Exercise requirements:
Although the records contain pictures, repeat only the text of every line exactly.
Data extract Block Start
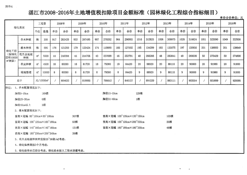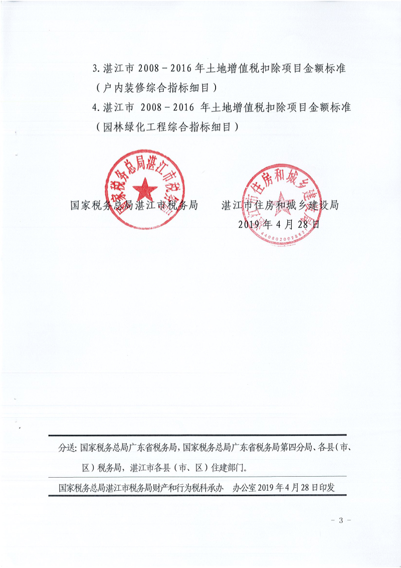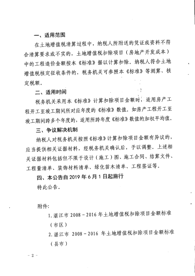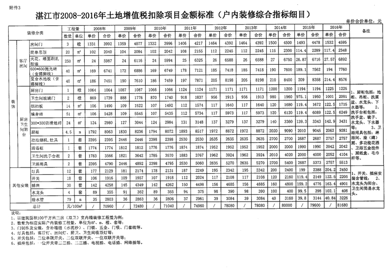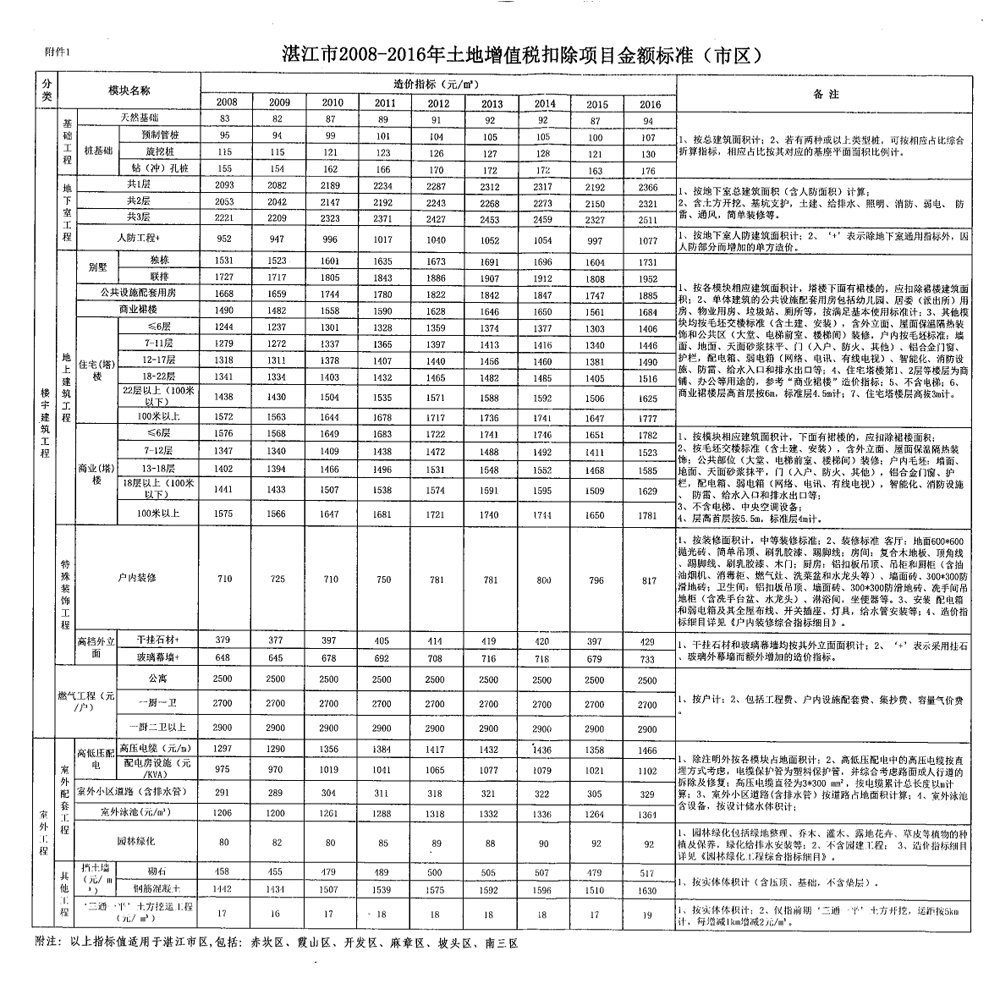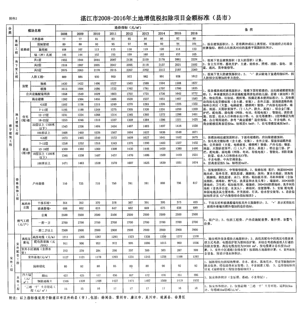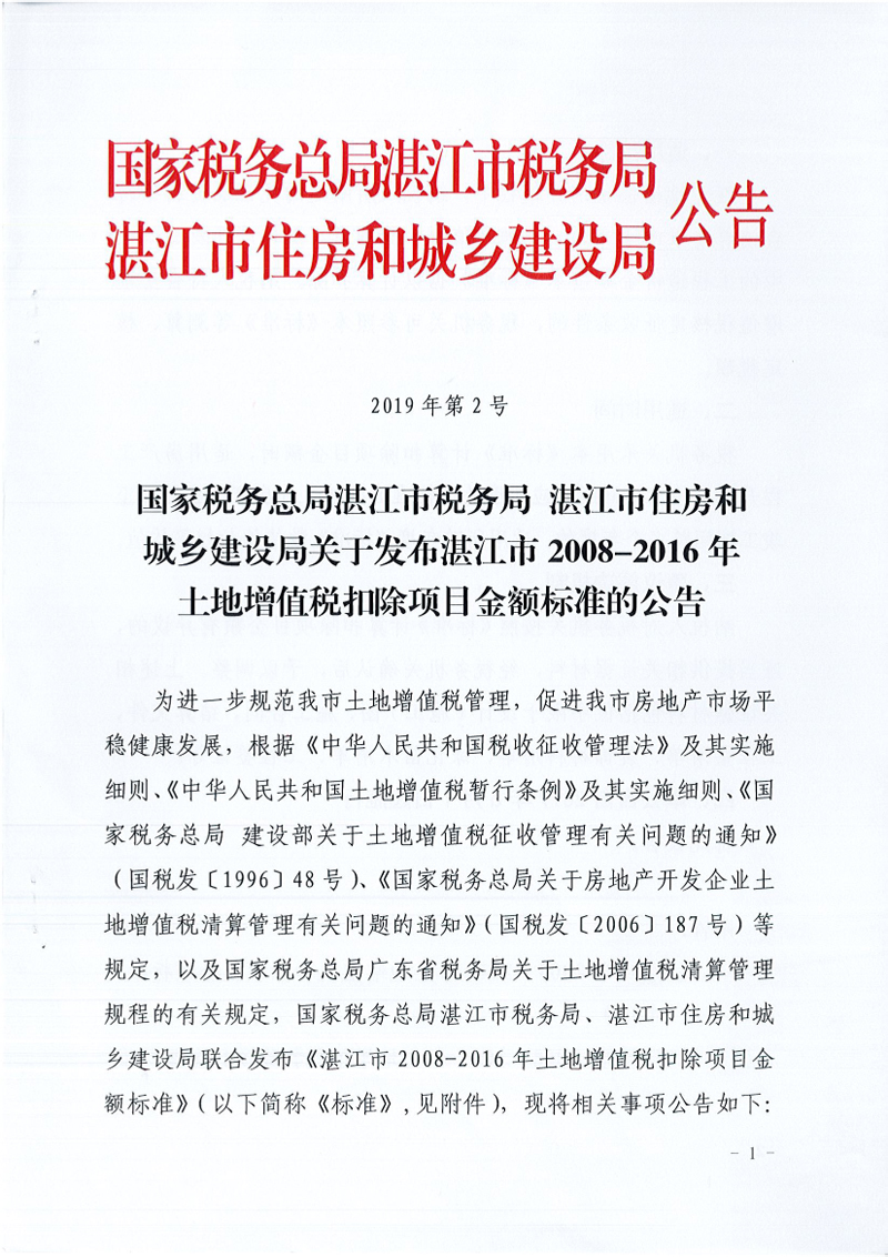 国家税务总局湛江市税务局 湛江市住房和城乡建设局关于发布湛江市2008-2016年土地增值税扣除项目金额标准的公告
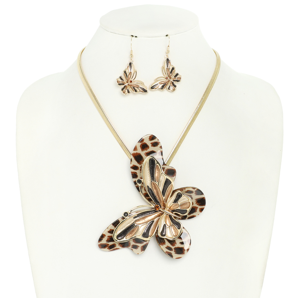 PATTERNED ACETATE RESIN CRYSTAL ACCENT BUTTERFLY NECKLACE EARRING SET
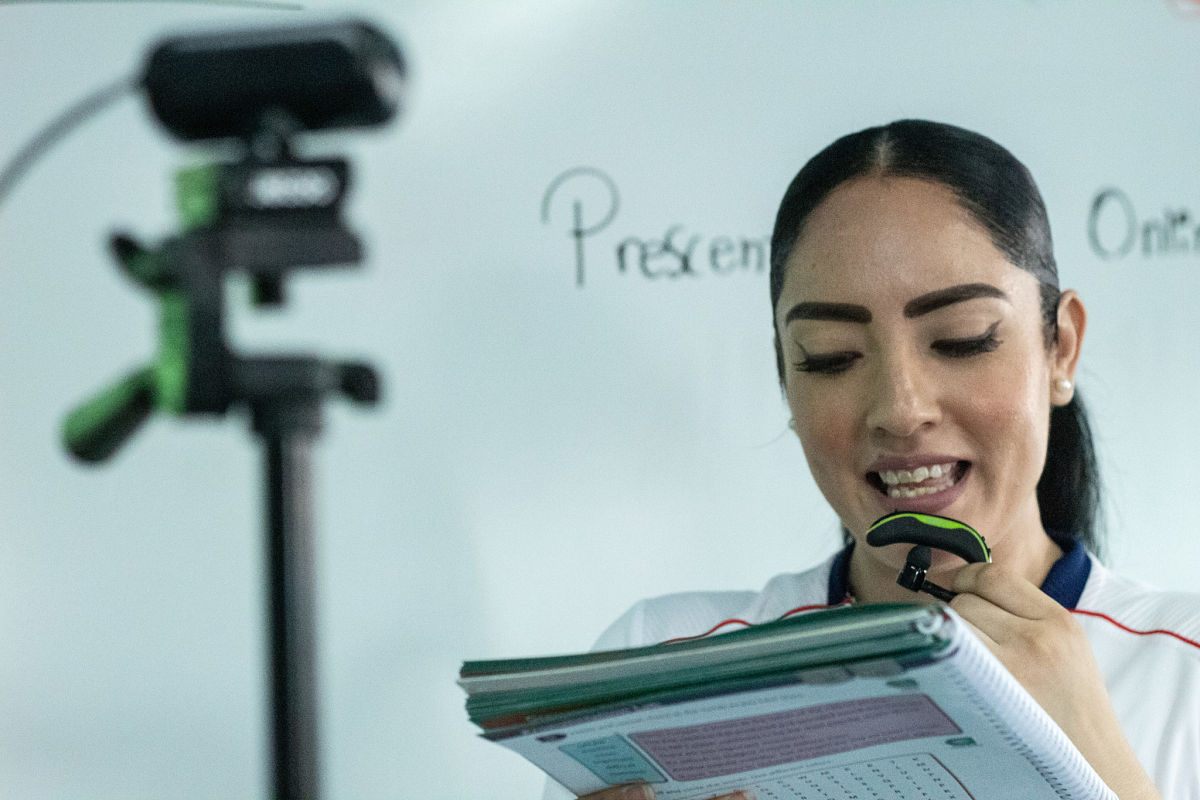 Kira, maestra de música da clases presenciales en el aula y al resto del grupo en línea
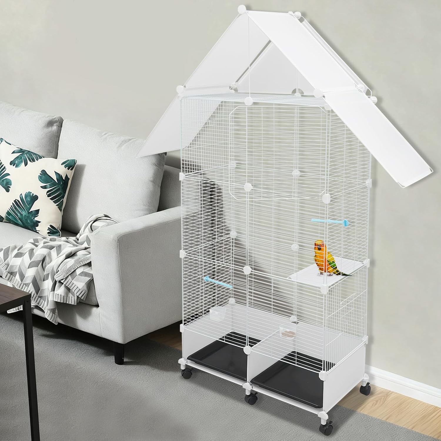 Überdachtes Design: Es verfügt über eine große Haupttür zum einfachen Füttern der Vögel sowie zwei kleine Seitentüren, die die Wahrscheinlichkeit des Entkommens von Vögeln verringern, und kann auch mit Geräten wie Brutkästen und Vogeltränken (nicht im Lieferumfang enthalten) verbunden werden, was der täglichen Vogelpflege mehr Übung verleiht.
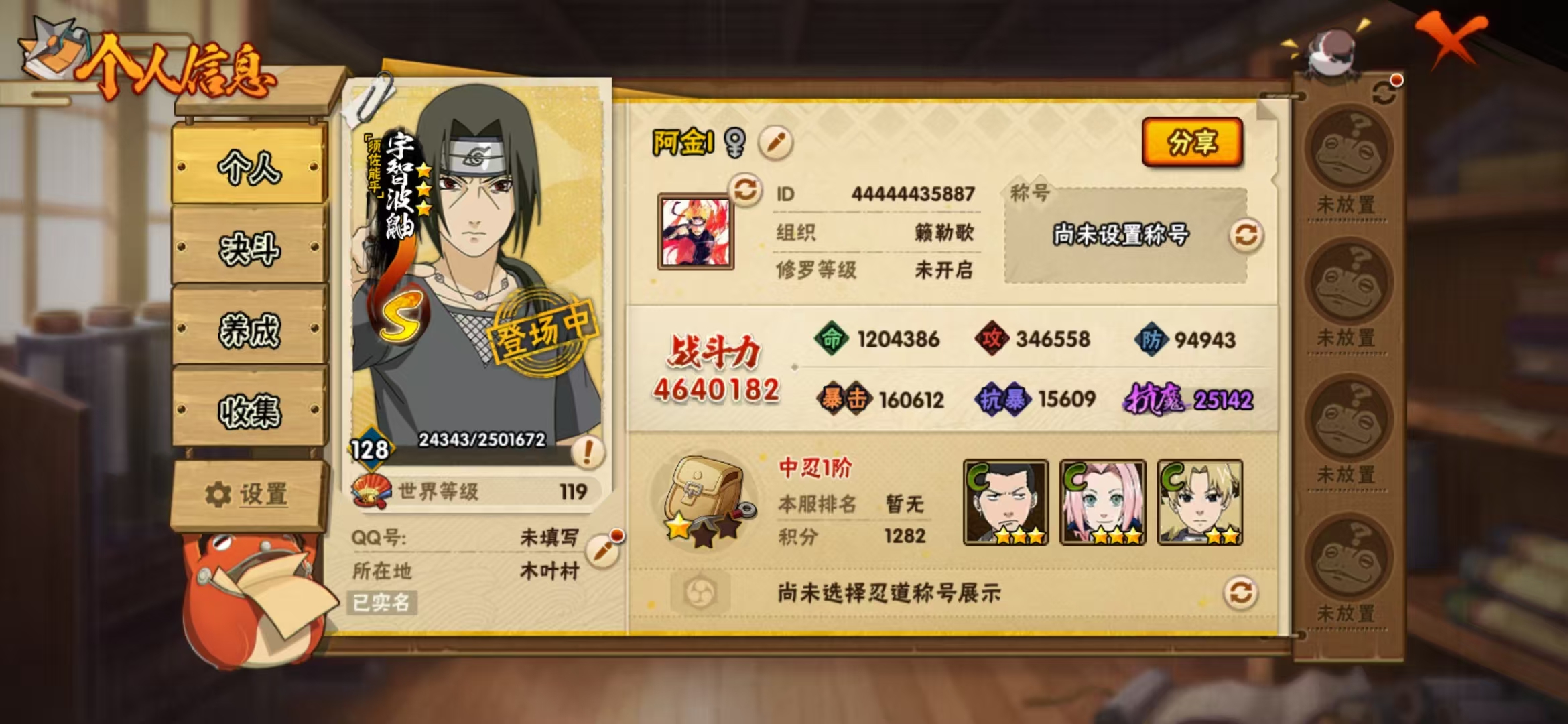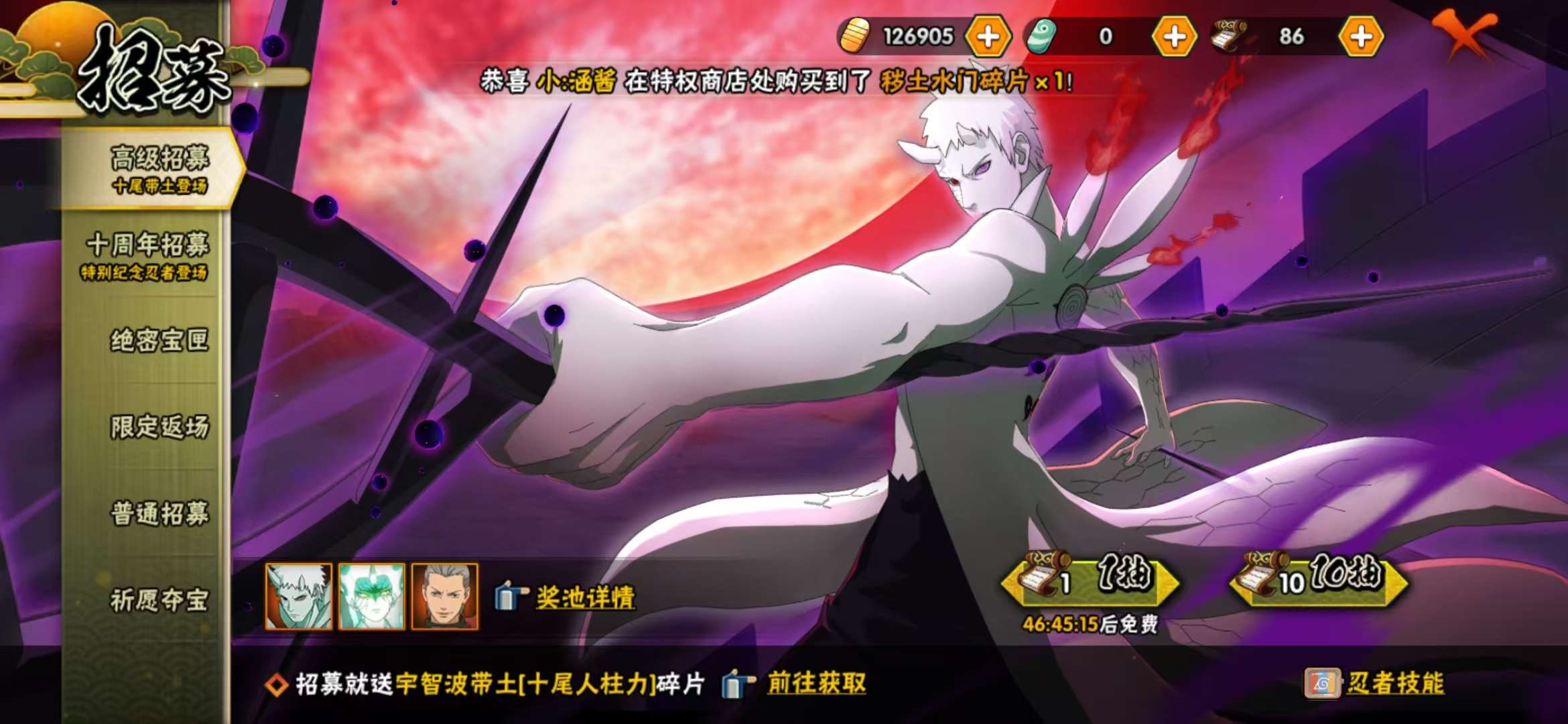 安卓qq4444区,纯金币小号,有12万金币,86高招券,可以抽1月高招S十尾带土有须佐鼬,自来也,
Data extract Block End
Output of the exercise:
 国家税务总局湛江市税务局 湛江市住房和城乡建设局关于发布湛江市2008-2016年土地增值税扣除项目金额标准的公告
 PATTERNED ACETATE RESIN CRYSTAL ACCENT BUTTERFLY NECKLACE EARRING SET
 Kira, maestra de música da clases presenciales en el aula y al resto del grupo en línea
 Überdachtes Design: Es verfügt über eine große Haupttür zum einfachen Füttern der Vögel sowie zwei kleine Seitentüren, die die Wahrscheinlichkeit des Entkommens von Vögeln verringern, und kann auch mit Geräten wie Brutkästen und Vogeltränken (nicht im Lieferumfang enthalten) verbunden werden, was der täglichen Vogelpflege mehr Übung verleiht.
 安卓qq4444区,纯金币小号,有12万金币,86高招券,可以抽1月高招S十尾带土有须佐鼬,自来也,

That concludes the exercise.